Total mass = 15.228 g I2 + 105 g CCl4 = 120.228 g.
4. Calculate the mass percentage: Divide the mass of iodine by the total mass and multiply by 100 to get the percentage.
(15.228 g I2 / 120.228 g) * 100 = 12.66%.
Therefore, the correct mass percentage of iodine in the solution is 12.66%, which differs from your answer of 0.05711%.
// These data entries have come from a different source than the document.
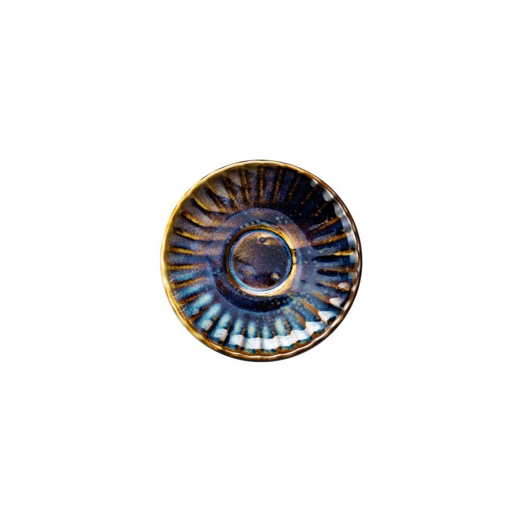 Ultramarínová modř zakončená měděným okrajem ze sebe vyzařuje krásu hlubinného oceánu, kterou spolu s vašimi kulinářskými kousky servíruje přímo na jídelní stoly. 100% porcelán pokrytý glazurou dodává jedinečný vzor získaný během procesu vypalování při 1 380 °C. To také zaručuje velmi vysokou odolnost proti odštípnutí. Zkuste smíchat tuto kolekci s kousky Fire a uvidíte, že vaše nádobí bude vypadat parádně. Měděný okraj dokonale ladí s barvou kolekce Fire. Nebojte se také míchání s řadou Wikle, neboť kobaltově modrá barva s chladnou a něžnou šedou perfektně doplní jakýkoliv dekor. Duo těchto barevných provedení je zárukou originálního uspořádání stolu. A v kombinaci s příbory SU Antic navíc zdůrazní inovativní způsob prezentace nádobí.Podšálek pr. 11,5 cm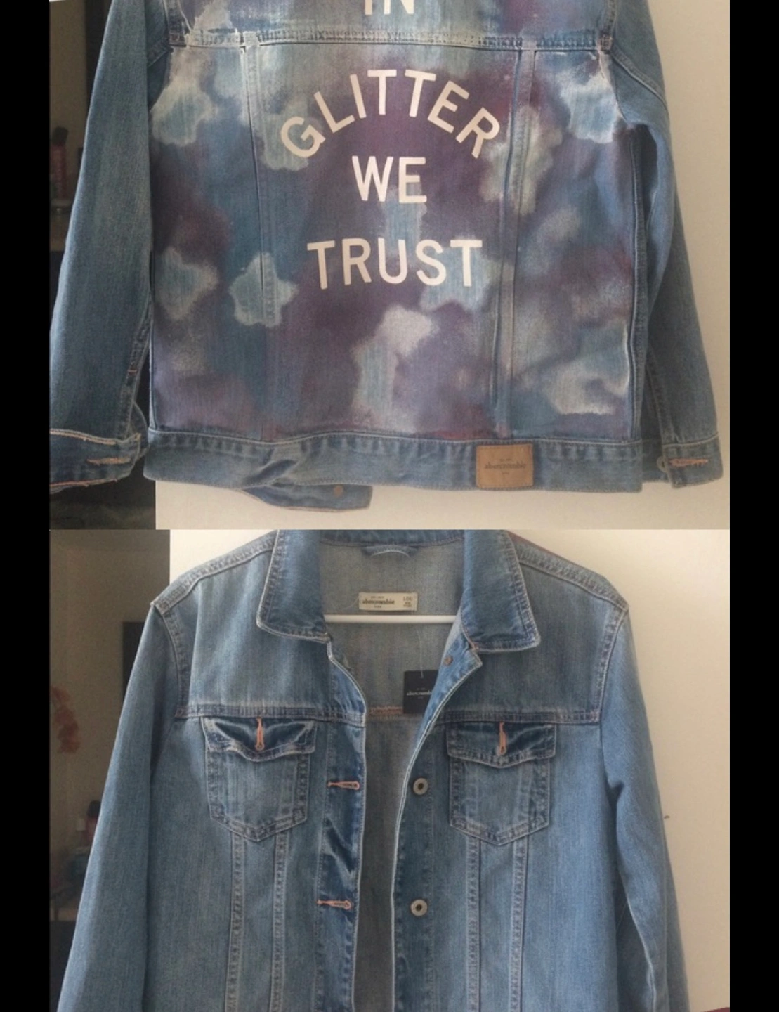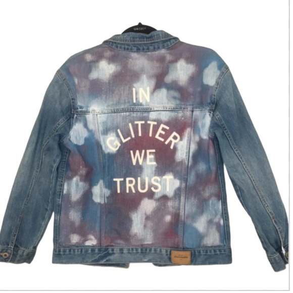 A denim jacket with "In Glitter We Trust" painted on the back in white paint, with a blue and purple cloud background. Size XS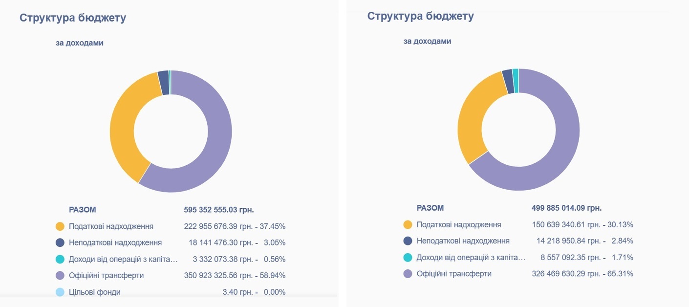 Мал. 1. Показники надходжень до бюджету Камінь-Каширської міської територіальної громади Волинської області за 2023 рік (зліва) та за січень-жовтень 2024 року (справа)[4]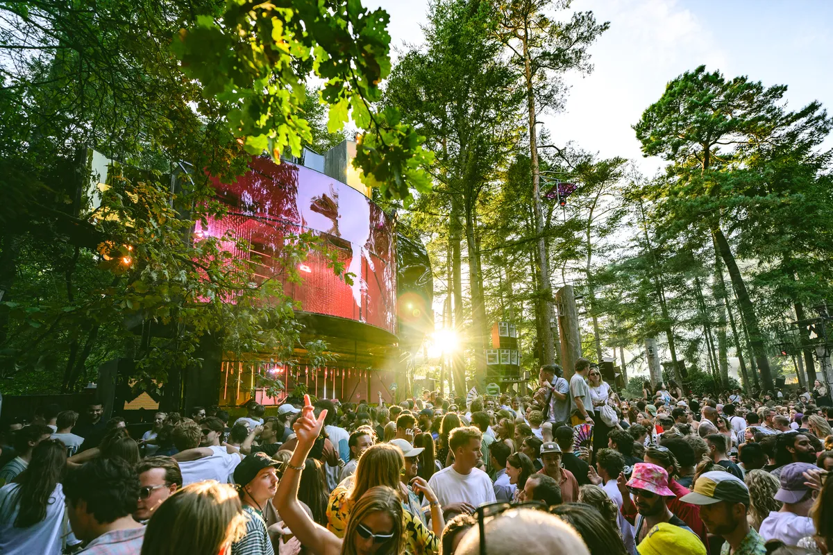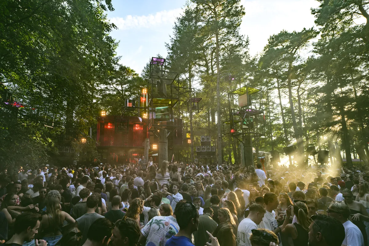 We starten het festival bij de Utrecht gestationeerde 36framez. De zon komt boven de futuristisch uitziende stage uit en ‘Set You Free’ blaast uit de zestien Funktion-One speakers. De eerste bezoekers gaan rustig in het zonnetje zitten of gooien al een dansje rond een van de stammen die verspreid staan over de dansvloer. Wie al opgewarmd is door de zon, kan direct door naar het Beukenbos. Daar klinkt het alsof Fiene via ‘The Space Track’ met aliens aan het babbelen is. Misschien nodigt ze hen wel uit, of nodigen de aliens zichzelf uit en vertelt Fiene hen dat ook zij gewoon netjes achteraan de rij bij de mensen mogen aansluiten. Even later wordt voor de stage een tak aangestoken en opgerookt. Fiene mixt precies op dat moment ‘Purple Haze’ van suki en sniper1 erin. Toeval? Ze graaft de ene oude en veelal onbekende track na de andere uit de grond, knipt alle interludes en intro’s eruit en vlecht ze vervolgens als een heerlijk dansbaar geheel aan elkaar. Want dat gebeurt inmiddels volop; dansen. En de zon is zo warm dat men om de zonnigste plekjes op de dansvloer heen danst – in september! Wanneer Fiene haar set met schaterende saxofoons afsluit, is het tijd voor de volgende stage.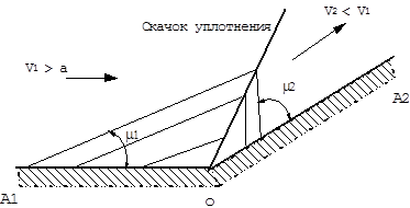 Рассмотрим физическую сущность образования скачка уплотнения на примере обтекания сверхзвуковым потоком внутреннего тупого угла (рис.1.38).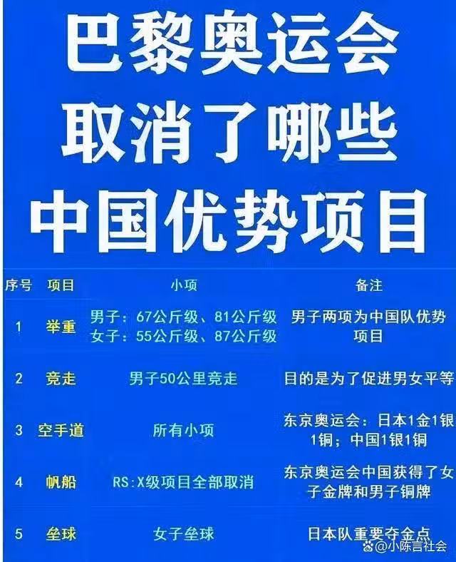 奧運取消了六個大項目,受損最嚴重的當屬中國和日本!
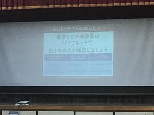 最後に、困ったときに相談できる窓口などが紹介されたリーフレットについて説明がありました。スマートフォンはとても便利な道具ですが、使い方によっては大きなトラブルにつながる可能性もあります。そのため、ルールを守って使うことや、困ったときには一人で抱え込まずに周りの大人に相談することの大切さを学びました。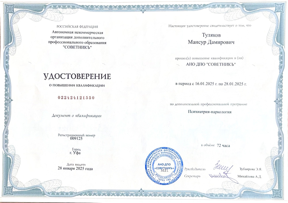 Кандидат медицинских наук, врач психиатр-нарколог, психотерапевт.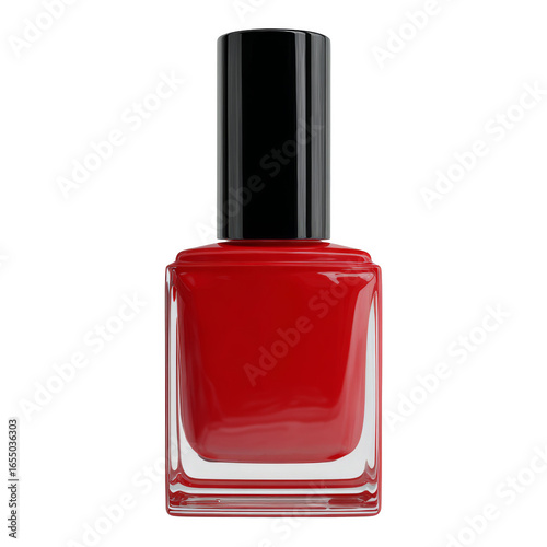 Realistic 3D Render of a Classic Red Nail Polish Bottle on a Transparent Background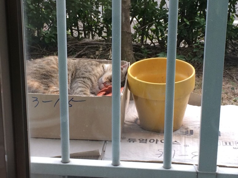 다른 아이들과 달리, 이 아이는 잠깐 쉬었다 가는 것이 아니라, 아예 여기 터를 잡은 듯해 보였다. 귀 한쪽이 잘린 것을 보니 중성화 수술을 마친 녀석이었다. 아마 중성화 후, 원래 구역에 다시 풀어준 것이 아니라, 아무 데나 풀어주는 바람에 낯선 남의 구역에서 눈치 보고 치이는 청소년 냥이로 짐작되었다. 아직 덜 자라 한눈에도 앳된 티가 나는 녀석이었다. 나고 자란 곳에서 정말 떨어진 낯선 곳에 혈혈단신 버려졌다고 상상해보니, 뭔가 맘이 짠해서 택배 박스에 못쓰는 옷을 깔아주니 들어가서 잘 잔다.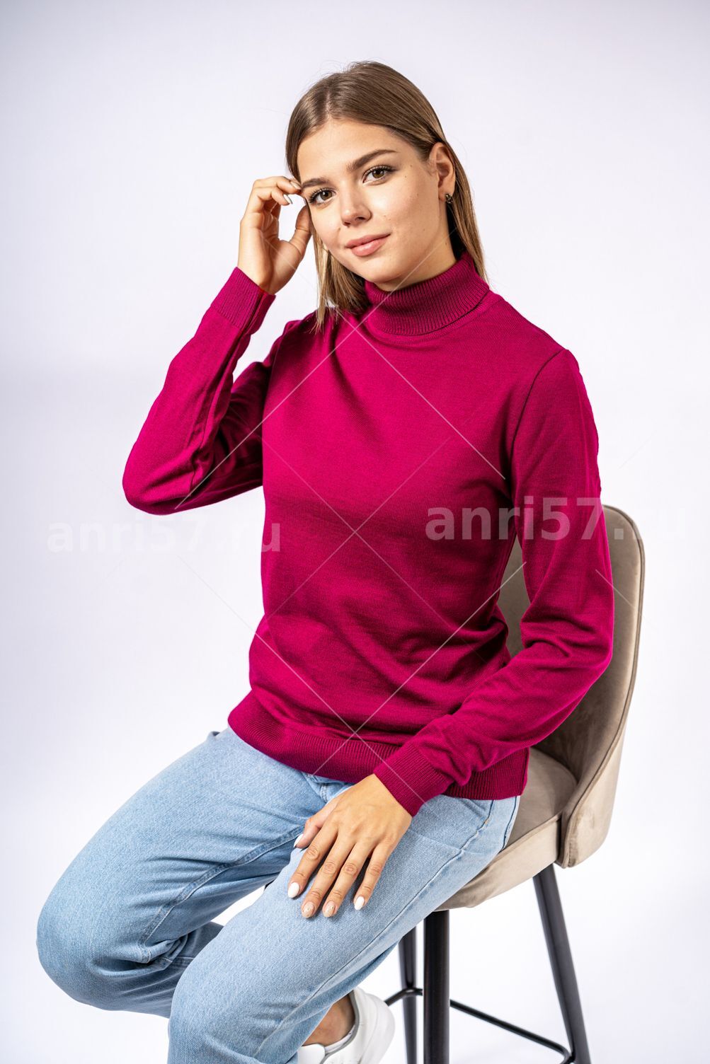 Джемпер женский ж0622х. Джемпер полуприлегающего силуэта из тонкого вязаного полотна. Рукав и низ изделия на "резинке". Рукав втачной. Воротник - "хомут". Состав: 30% Шерсть, 70% ПАН.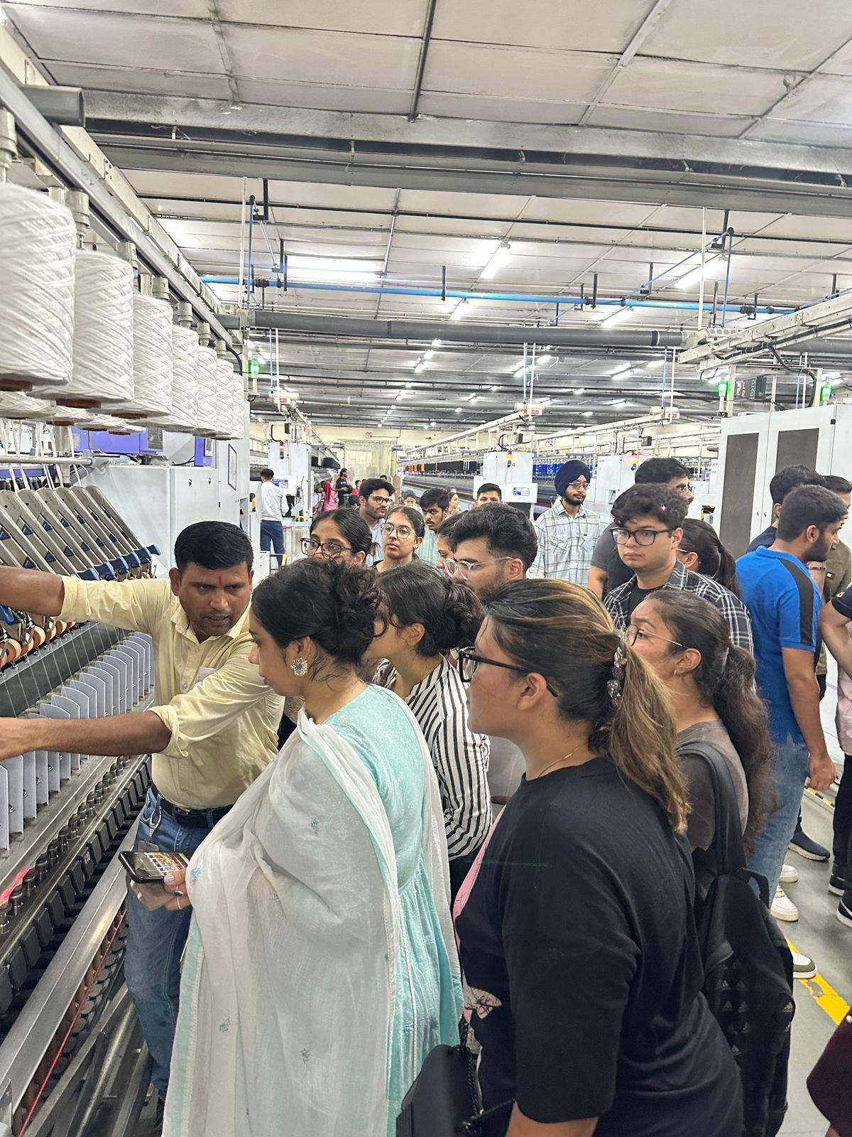 Vardhman Textiles Ltd. is one of India’s leading textile manufacturing companies, established in 1965. Headquartered in Ludhiana, it operates across multiple verticals including yarn, fabric, acrylic fibre, and garments. The visit was led by Mr. Arvind, who provided detailed insights into the company’s integrated operations and eco-friendly practices, particularly in the production of acrylic thread using modern machinery while ensuring industrial safety. The firm places strong emphasis on meeting global quality standards, supported by its robust export network spanning over 75 countries.

(b) To calculate the concentration of Sr2+ in seawater measured in ppm (parts per million), you need to convert the given concentration in grams per kilogram to ppm. Here's how to do it:
1. Convert the given concentration of Sr2+ from grams to milligrams: Multiply by 1000.
0.0079 g Sr2+ * 1000 = 7.9 mg Sr2+.
2. Convert the mass of Sr2+ to ppm: Divide the mass of Sr2+ by the mass of the solution and multiply by 10^6.
(7.9 mg Sr2+ / 1 kg of water) * (10^6 mg / 1 kg) = 7.9 ppm.
Hence, the correct concentration of Sr2+ in seawater is 7.9 ppm, which differs from your answer of 0.007900 ppm.
I hope this explanation helps you understand how to solve these problems correctly. Make sure to check your calculations and units throughout the process to avoid errors.